After two days of hearings, the California Air Resources Board (CARB) on September 24 unanimously approved its plan to require automakers to reduce greenhouse gas (GHG) emissions from new cars and trucks sold in the State starting in 2009.  The regulations, which implement Assembly Bill 1493, signed into law by then-Gov.
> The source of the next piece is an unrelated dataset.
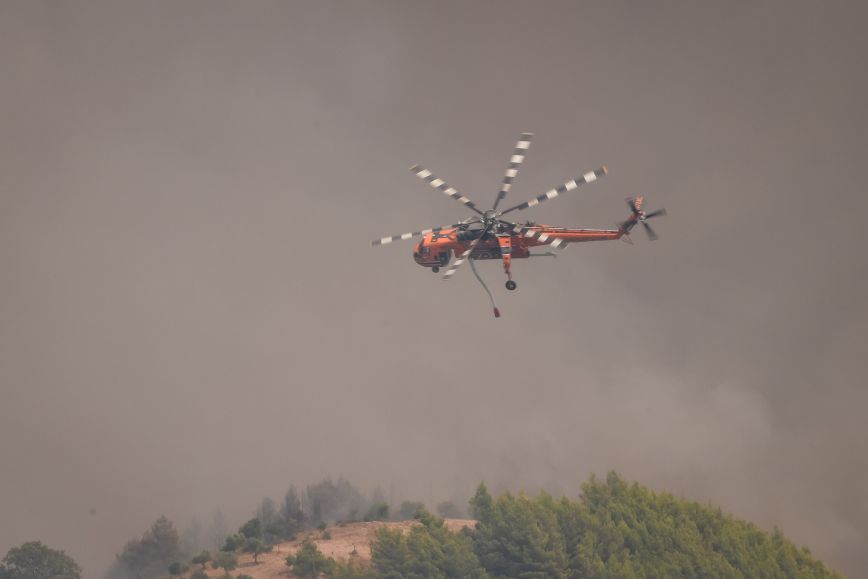 Με το πρώτο φως της ημέρας, άρχισαν να κάνουν ρίψεις νερού δύο πυροσβεστικά αεροσκάφη κι ένα ελικόπτερο.
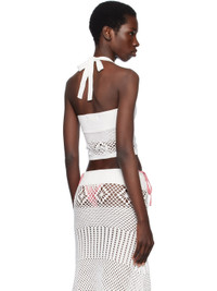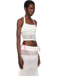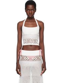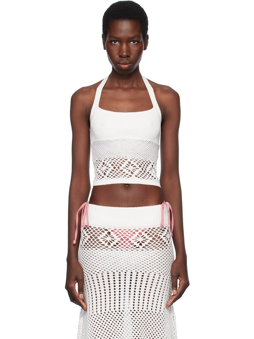 Crocheted and rib-knit cotton top. · Square neck · Self-tie halter strap Supplier color: White 100% cotton. Made in China 251090F111002

Gray Davis in July 2002, require automakers to reduce GHG emissions by 22 percent in 2012 and 30 percent in 2016.


 


The regulation sets fleet average standards measured in grams per mile of carbon dioxide (CO2)-equivalent emissions.  For passenger cars and light trucks, each automaker must ensure that the average emissions of the vehicles it sells in California do not exceed 323 grams per mile in 2009, 233 grams per mile in 2012, and 205 grams per mile in 2016.


 


AB 1493 requires CARB to achieve maximum feasible and cost-effective GHG emission reductions from new vehicles.  As Marlo Lewis of the Competitive Enterprise Institute and other critics have noted, however, it is not possible to achieve maximum feasible reductions without forcing automakers to substantially increase auto fuel economy.  Yet federal law prohibits states from enacting laws or regulations related to fuel economy.


 


CARB claims that its rule is cost-effective, arguing that fuel savings from the technologies automakers will deploy to meet the GHG standards will more than outweigh any increase in vehicle purchase price.  But this is a tacit confession that the rule is in fact fuel economy regulation by another name.


 


Sierra Research, Inc., in a report written on behalf of the Alliance of Automobile Manufacturers, finds multiple problems with CARBs cost-effectiveness calculation.  CARB inflated vehicle costs in the 2009 baseline (no regulation) case by unrealistically assuming universal adoption of expensive new technologies such as 5- and 6-speed automatic transmissions.  CARB used an unrealistically low markup factor to estimate how much retailers would charge for cars incorporating GHG-reducing technologies. 


 


In addition, CARB knocked 30 percent off the cost estimates of key technologies based on nothing more than its alleged experience and the potential for unforeseen innovations.  CARB forgot to take into account Californias 8 percent sales tax.  CARB overestimated fuel savings by using EPAs fuel economy model, which assumes slower average driving speeds and acceleration rates than prevail in California.  CARB implausibly assumed that consumers continue to value fuel savings years after most cars are sold or scrapped.


 


The net effect of such errors, according to Sierra Research, is that, The actual cost of the proposed standards will exceed an optimistic estimate of the present value of the fuel savings for an average California driver by approximately 200%.  Whereas CARB estimates a net lifetime saving of $1,703 for a new passenger car sold in 2016, Sierra estimates a net loss of $3,357.  The results of the proposed regulation can therefore be expected to include reduction in vehicle sales, longer retention of older vehicles on the road, and an increase in ozone precursor emissions.